Karen Stefl, president of OTCA’s board of directors, said Old Town’s goal this year is to create the idea of play and inclusivity. In fact, the bylaws require diverse board members with different skill sets. Members like to roll up their sleeves and create playfulness during meetings, she said.
Jennifer Estill, OTCA board of directors at-large member, calls Old Town the “Sesame Street for adults.”
“This place is a family — a weird, eclectic and nutty family,” Estill said.
Members of the board of directors know preserving and supporting Old Town’s homegrown and passionate character so local business people can succeed is important, Estill said.
OTCA’s Board of Directors
OTCA‘s board of directors for 2014 were voted on Wednesday, Feb. 5, during the mixer.
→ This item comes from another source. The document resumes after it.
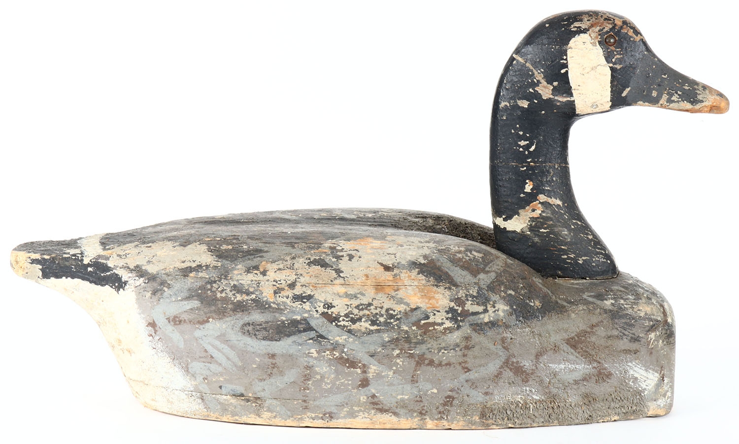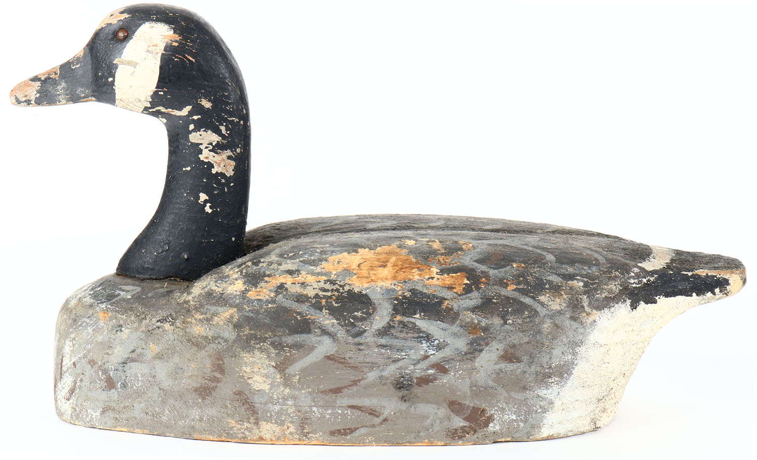 Canada Goose by Herters, Minnesota, glass eyes, hollow wood, old hunter repaint, has age cracks on entire body. Grade: Very Good - Value: 20 to 40

Louise Gradwohl, executive director of OTCA, said board members are elected or re-appointed every three years by those who have an OTCA membership. An application must be approved and each candidate must be a resident, property owner or employee of Old Town.
This year OTCA members elected the four candidates, Tony Beyers, Sarah Christiansen, Lucas Anthony and Ian Smith, who ran for four open positions.
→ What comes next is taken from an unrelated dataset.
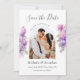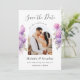 Casamento com Fotografia Cristã Salve a data retrata lindas florais de aquarela de jardim botânico com flores simples lilás. Ele contém fotos, nomes e informações do casal. O verso também mostra uma fotografia junto com a Bíblia Verse Song de Solomon 3:4, "Eu encontrei aquela que minha alma ama." Boa escolha para primavera e casamentos de verão.

Beyers, Old Town property owner, and Smith, a material scientist and environmental specialist at Triterra, will serve a second term to the board. Christiansen, owner of Katalyst Gallery, and Anthony, coordinator at TechSmith, are new to the board.
Although Smith does not live in the Old Town area, he said the board gives him the opportunity to be a part of something and his business a voice.
Christiansen said she plans to create more of a retail presence on the board.